The Heart Calls Home Read online




  Contents

  Prologue

  Chapter 1

  Chapter 2

  Chapter 3

  Chapter 4

  Chapter 5

  Chapter 6

  Chapter 7

  Chapter 8

  Chapter 9

  Chapter 10

  Chapter 11

  Chapter 12

  Chapter 13

  Chapter 14

  Chapter 15

  Chapter 16

  Chapter 17

  Chapter 18

  Chapter 19

  Chapter 20

  Chapter 21

  Chapter 22

  Chapter 23

  Chapter 24

  Chapter 25

  Epilogue

  Author’s Note

  Also by Joyce Hansen

  To Dr.

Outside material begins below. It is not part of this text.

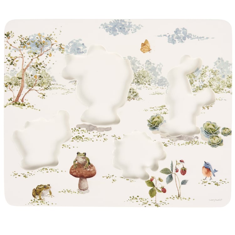 A fun wooden puzzle set from our Baby & Kids Collection displaying a charming garden animal design inspired by child's storybook illustrations. Garden design is replicated from original art hand painted in a delicate watercolor style. Kids puzzle includes 4 wooden puzzle pieces displaying unique shapes for each garden animal that easily place into their slots on the wooden puzzle board displaying a coordinating garden scene. Our Garden Friends chunky puzzle is perfect for play with children 18 months or older and looks nice on the shelf as children's room décor when not in use. Puzzle comes packaged in shrink wrap with product information displayed on the front making it great for gifting. A fun garden-themed gift for baby showers or everyday moments.

Harriet Pitts—a dedicated teacher—

  a faithful friend

  Prologue

  June 1866

  Obi immediately recognized the dirt road leading to the Jennings farm.

  “Driver,” he shouted over the rattling horse and buggy, “let me off here.” He practically jumped out of the carriage before the coachman halted the horses. He handed the driver two dollars and a generous fifty-cent tip for the ride from Charleston.

  “Thank you, sir.” The man tipped his hat, revealing a full head of thick gray hair. “This be your final stop, or do you want me to come back for you?”

  “I’m returning to Charleston, but I don’t know how long I’ll be here. You best not bother about coming back. I’ll hail a carriage along the road or walk.”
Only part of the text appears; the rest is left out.